Here is more proof that Hollywood is in major need of a gender-fairness overhaul.
Something's gotta give.
People are paying more attention to how unfairly women are treated in Hollywood.
With the recent revelation that 37-year-old actress Maggie Gyllenhaal was deemed too old to play a yet-unnamed 55-year-old actor's love interest in a movie and news that Jane Fonda and Lily Tomlin were paid the same as their male co-stars even though Fonda and Tomlin are the main characters whose names are the title of the show, it has come to a fever pitch of unfairness.
This clip from AJ+ can clue you in a bit more:
Here are a few jarring facts from the video, in case you can't play it at the moment.
- In 2014, women had speaking roles only 30% of the time.
- That's only 5% more than in the 1940s and '50s.
- In 2014, women made up a total of 13% of lead roles.
- Considering women are half of the population, that is an absurdly small number.
- The top 10 earning actresses made about half of what their male counterparts made in 2014.

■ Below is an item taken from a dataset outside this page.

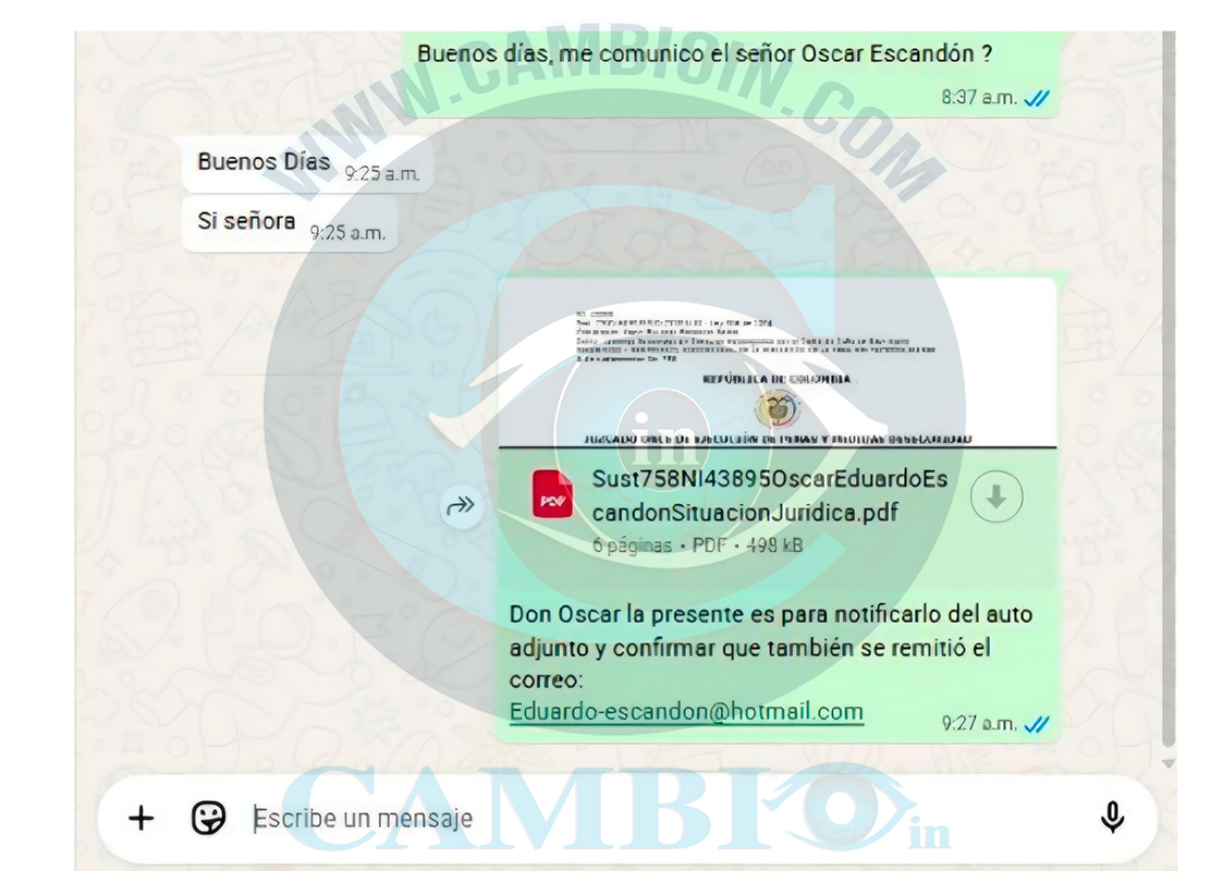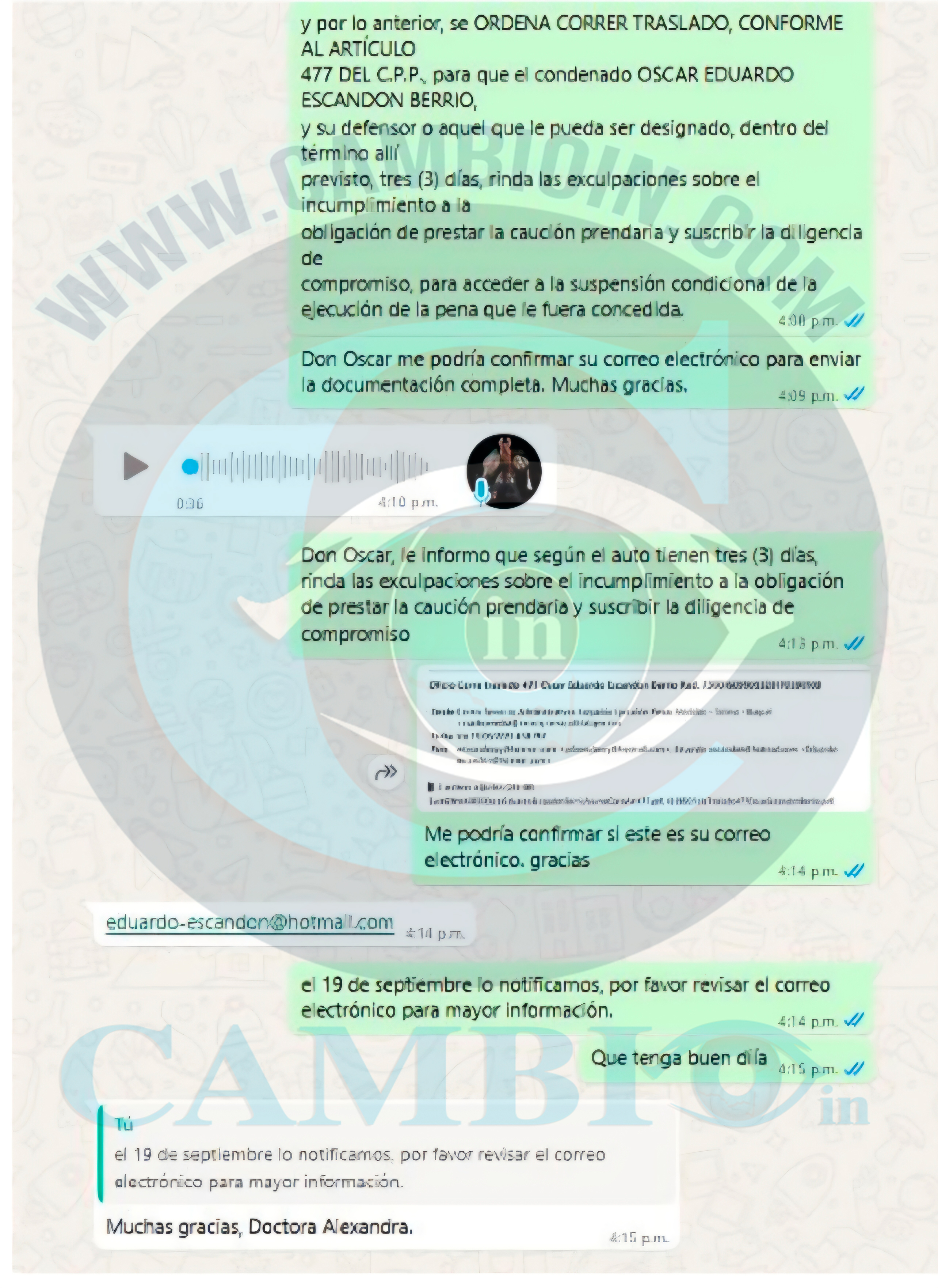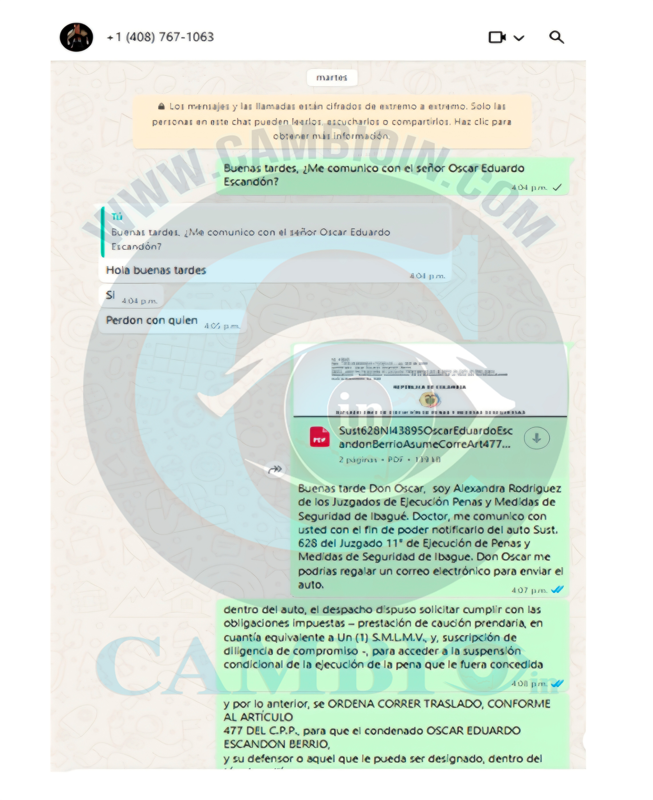 Se deja constancia que, mediante comunicación realizada a través de la aplicación WhatsApp. Se estableció contacto con el doctor Wilson Alexey Vallejo Franco, abogado del señor Óscar Eduardo Escandón Berrio, con el fin de lograr la ubicación del condenado, toda vez que no había sido posible efectuar la notificación del Auto de Sustanciación No. 628. Durante dicha comunicación, el doctor Vallejo informó que el señor Óscar Escandón se encuentra fuera del país y suministró su número telefónico de contacto.

One woman, Maria Giese, is doing something about it.
The film director has filed a complaint with the ACLU, saying that Directors Guild of America is overwhelmingly male, and that limited perspective affects almost every part of the movie industry.
Giese's complaint shines an important light on the old boys' club of Hollywood, and that it's gone on long enough.
If the industry has only one type of voice at the top of the heap...
...they're missing out on the value of a different perspective, which makes movies much more interesting.
I, for one, don't want to watch the same movie over and over. Do you?